Jochen, in reading one of your sentences I got stuck. You wrote: "When I ask you for the direction in which my pencil lying in front of me is pointing, then this is a random variable for you, but not for me (I can see it).

The pencil positioning for Fairouz at this point is not random but probabilistic since Faiorhouz knows there is a pencil. The question is which way it is pointing and the equation of which way it may be pointing is a probabilistic one since we know the pencil exists and that it can only point in a limited number of directions, bounded by our 3 dimensions.

If you put the question in such a way that: do pencils exist? do I have a pencil and if I do which way does it point, it is still probabilistic since there is a chance for the pencil to exist (exists or not) plus there is a chance that you have a pencil (you do or not) plus there is a chance that it is pointing in some direction (within our 3D world).
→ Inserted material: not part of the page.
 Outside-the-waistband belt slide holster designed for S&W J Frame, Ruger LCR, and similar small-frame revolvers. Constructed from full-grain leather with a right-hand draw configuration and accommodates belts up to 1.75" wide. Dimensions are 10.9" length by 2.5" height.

I have a book chapter with a coauthor in a book I edited with two other editors in which I define the difference between risk (probabilistic) and ambiguity (more like random but even more exotic). The chapter is in Neuroeconomics and the Firm in Chapter 2 titled "Risk and ambiguity: entrepreneurial research from the perspective of economics".

I think the confusion between probabilistic and random comes from the misconception of what probability is: we know it exists only we don't know where but we do have a probability curve where the object may show up at any time, only we don't know when. In the case of random, we have no formula.. the stuff is random so it does not obey any rules or equations and is not measurable. A "random variable" in a mathematical sense simply means it is a variable that changes but it says nothing about it being statistically random.
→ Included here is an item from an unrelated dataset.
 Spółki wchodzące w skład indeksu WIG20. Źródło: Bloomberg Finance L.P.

Under the same cap I can bring in your point of "uncertain" since if something is uncertain then by definition it is not probabilistic since we have no model to describe it. If tomorrow the earth opens up and outcome little green men greeting us, that is uncertain and random since we had no clue that there is such a thing (well ...we know now.. lol). If we know that there are little green men somewhere in the middle of earth and we just don't know if and when they come visit us, that it is neither random nor uncertain, but probabilistic.
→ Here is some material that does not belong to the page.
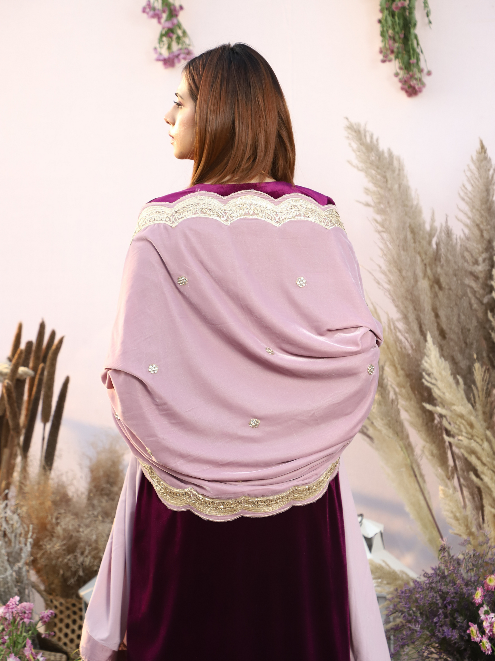 Plum hand-embroidered silk velvet kurta with sleeve and pocket detailing. Plum silk velvet hand embroidered palazzo. Complete your look with Embroidered Velvet Dupatta adorned with Scallop edges or Sheer Organza Dupatta.

Angela, so if I get you correctly, you say that

random = we don't even have a model or we don't knoe the sampling space

probabalistic = we have sample space and model but we cannot make perfect predictions

Thus, in your framework something like "species living on earth" would be a random variable (we don't know the sampling space, even the words "life" and "species" are not well defined if one has a closer look!), whereas "number of women in a group of 10 patients" is a probabalistic variable, because the sampling space is well-defined and we can model the probability function for such variables.

If this is correct, the the usage of "random" in "random sampling" totally confuses me.

Fairouz, it is the very purpose of these concepts (space, time, ...) to give a frame(work) to be able to operationalize many physical attributes. And it is clear that all derived variables are intimately linked to theses concepts. The proplem I am pointing to is take these concepts for "real" in order to fit interpretations of something that is not a derived variable from within this concept. The "propensity" was such an attempt.

For me, it looks like mixing the psychological meaning of "color" with the wavelength of electromagnetic waves. The do not need to be related. However, for many purposes it is advantagous, reasonable, useful, *if* there is some kind of correlation. For "probability" for example, there are some scenarios thinkable where such a resonable correlation may be defined by a similarity between probability and relative frequency.

@all participants: I feel happy that I seem to have provoked and I am grateful for your constructive feedback.

Interesting points you bring up Jochen--indeed, quite thought provoking.

Your initial summary of what I suggested is completely correct. The one about species is not the way I imagined and here is why.

You recall about your pencil problem earlier and you said "you know" only the person having to choose the direction does not know. As long as "someone" knows of the existence of all living organisms or their possibilities on earth, we are talking probability and not uncertainty. There are a lot of species out there we have never ever encountered but they are not random. They are here and many are evolving as I write this only we have not yet found them.

If you run a biological and chemical table elemental organic calculation, you can (and probably someone already did) come up with a percentage of how many species are out there that we have not yet seen or heard of. Probability.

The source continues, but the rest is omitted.